Difficulty Level: Medium

1. What is Instagram?

Instagram is a social networking service which enables its users to upload and share their photos and videos with other users. Instagram users can choose to share information either publicly or privately. Anything shared publicly can be seen by any other user, whereas privately shared content can only be accessed by a specified set of people. Instagram also enables its users to share through many other social networking platforms, such as Facebook, Twitter, Flickr, and Tumblr.

For the sake of this exercise, we plan to design a simpler version of Instagram, where a user can share photos and can also follow other users. The ‘News Feed’ for each user will consist of top photos of all the people the user follows.

2. Requirements and Goals of the System

We’ll focus on the following set of requirements while designing the Instagram:

Functional Requirements

  1. Users should be able to upload/download/view photos.
  2. Users can perform searches based on photo/video titles.
  3. Users can follow other users.
  4. The system should be able to generate and display a user’s News Feed consisting of top photos from all the people the user follows.

Non-functional Requirements

  1. Our service needs to be highly available.
  2. The acceptable latency of the system is 200ms for News Feed generation.
  3. Consistency can take a hit (in the interest of availability), if a user doesn’t see a photo for a while; it should be fine.
  4. The system should be highly reliable; any uploaded photo or video should never be lost.

Not in scope: Adding tags to photos, searching photos on tags, commenting on photos, tagging users to photos, who to follow, etc.

3. Some Design Considerations

The system would be read-heavy, so we will focus on building a system that can retrieve photos quickly.

  1. Practically, users can upload as many photos as they like.

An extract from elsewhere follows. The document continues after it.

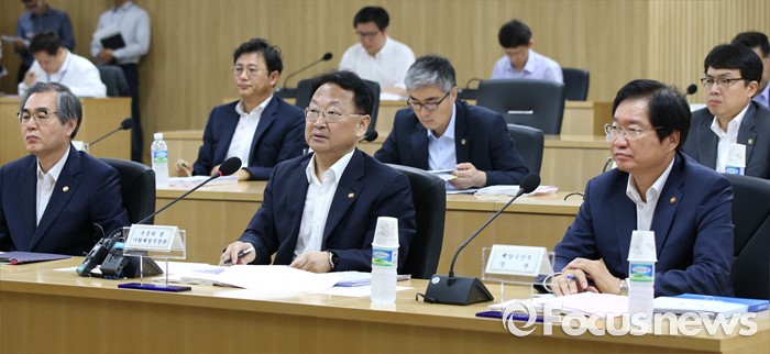 (세종=포커스뉴스) 유일호 경제부총리 겸 기획재정부장관이 5일 오전 서울-세종 영상회의로 열린 경제관계장관회의에 참석해 회의를 주재하고 있다.

Efficient management of storage should be a crucial factor while designing this system.
  2. Low latency is expected while viewing photos.
  3. Data should be 100% reliable. If a user uploads a photo, the system will guarantee that it will never be lost.

4. Capacity Estimation and Constraints

  • Let’s assume we have 500M total users, with 1M daily active users.
  • 2M new photos every day, 23 new photos every second.
  • Average photo file size => 200KB
  • Total space required for 1 day of photos

2M * 200KB => 400 GB

  • Total space required for 10 years:

    400GB * 365 (days a year) * 10 (years) ~= 1425TB

5. High Level System Design

At a high-level, we need to support two scenarios, one to upload photos and the other to view/search photos. Our service would need some object storage servers to store photos and also some database servers to store metadata information about the photos.

6. Database Schema

💡Defining the DB schema in the early stages of the interview would help to understand the data flow among various components and later would guide towards data partitioning.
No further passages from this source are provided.